··· Stored data ···

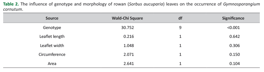 Binary logistic regression was used for testing the influence of genotype, leaf blade length, leaf blade width, leaf circumference, and leaf area of Sorbus aucuparia on the occurrence of Gymnosporangium cornutum aecia. The exponential parameter estimates were used to calculate the probability of aecia occurrence.
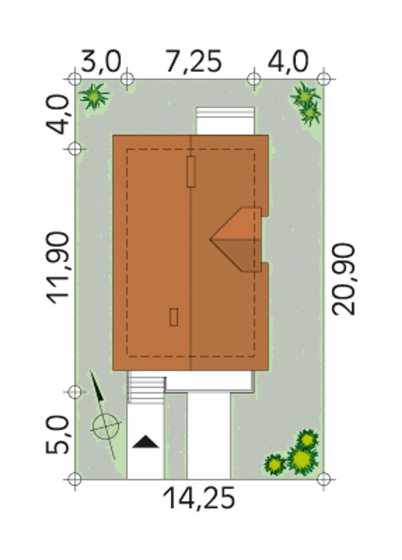 Szerokość działki 14.25 m |
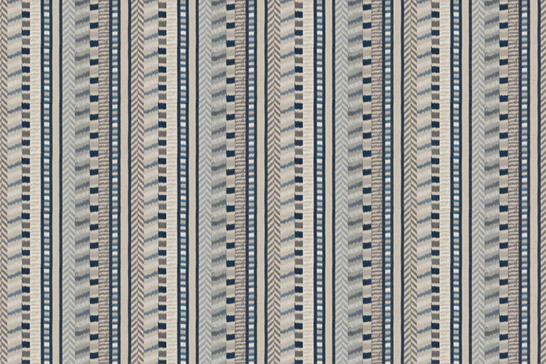 Vertical strokes embroidered within vertical stripes of varying width, Calissa is a dream in contemporary design. Exquisitely detailed and wonderfully structured, its rhythmic intricacy lends it an expansive air.
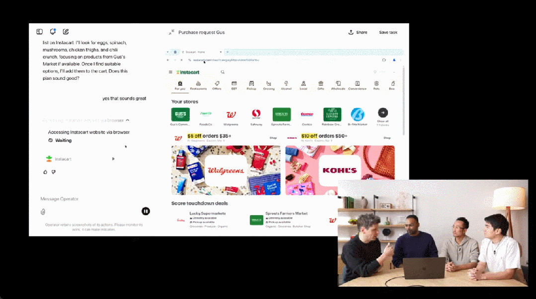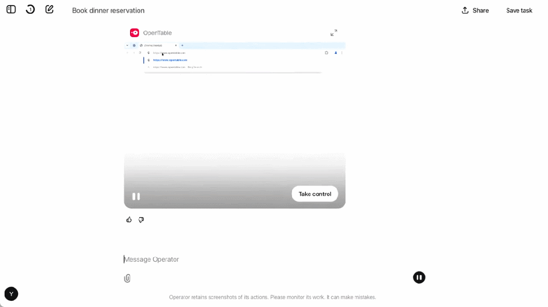 用户确认:在完成任何重要操作(例如提交订单或发送电子邮件)之前,Operator 会征求批准。 -
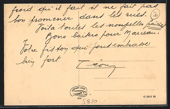 Personenbezogene Daten auf der Rückseite der Karte wurden durch blauen Textmarker unkenntlich gemacht. Die blauen Stellen sind auf die Vorderseite durchgeweicht und wirken sich negativ auf das Postkartenfoto aus
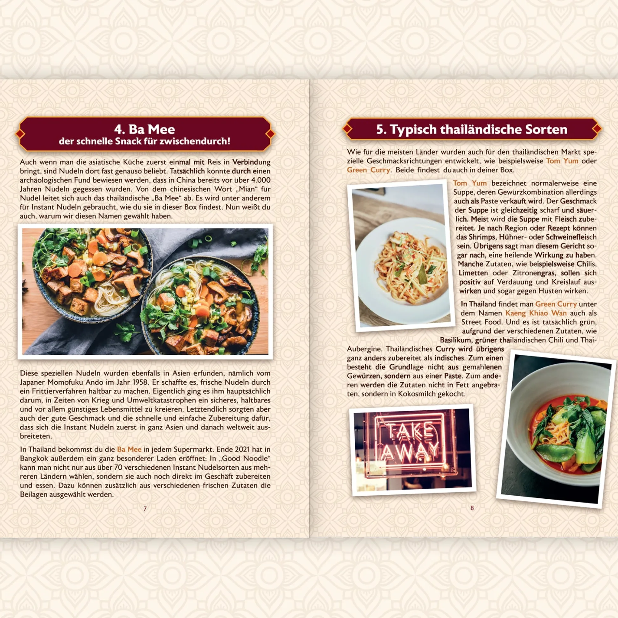 Die beiliegende 20-seitige Broschüre verrät dir verschiedene Rezeptideen – unter anderem, wie du mit Erdnussbutter oder Ingwer den frischen Street-Food-Geschmack zuhause erreichen kannst. Zusätzlich erfährst du spannende und interessante Hintergrundinfos zur thailändischen Esskultur und Geschichte der Instant-Nudeln in Thailand.

···

### Aim of the task:
Leave the pictures out and reproduce exactly the lines from the line with "Personenbezogene Daten auf" to the end of the material above.

### Reply to the task:
 Personenbezogene Daten auf der Rückseite der Karte wurden durch blauen Textmarker unkenntlich gemacht. Die blauen Stellen sind auf die Vorderseite durchgeweicht und wirken sich negativ auf das Postkartenfoto aus
 Die beiliegende 20-seitige Broschüre verrät dir verschiedene Rezeptideen – unter anderem, wie du mit Erdnussbutter oder Ingwer den frischen Street-Food-Geschmack zuhause erreichen kannst. Zusätzlich erfährst du spannende und interessante Hintergrundinfos zur thailändischen Esskultur und Geschichte der Instant-Nudeln in Thailand.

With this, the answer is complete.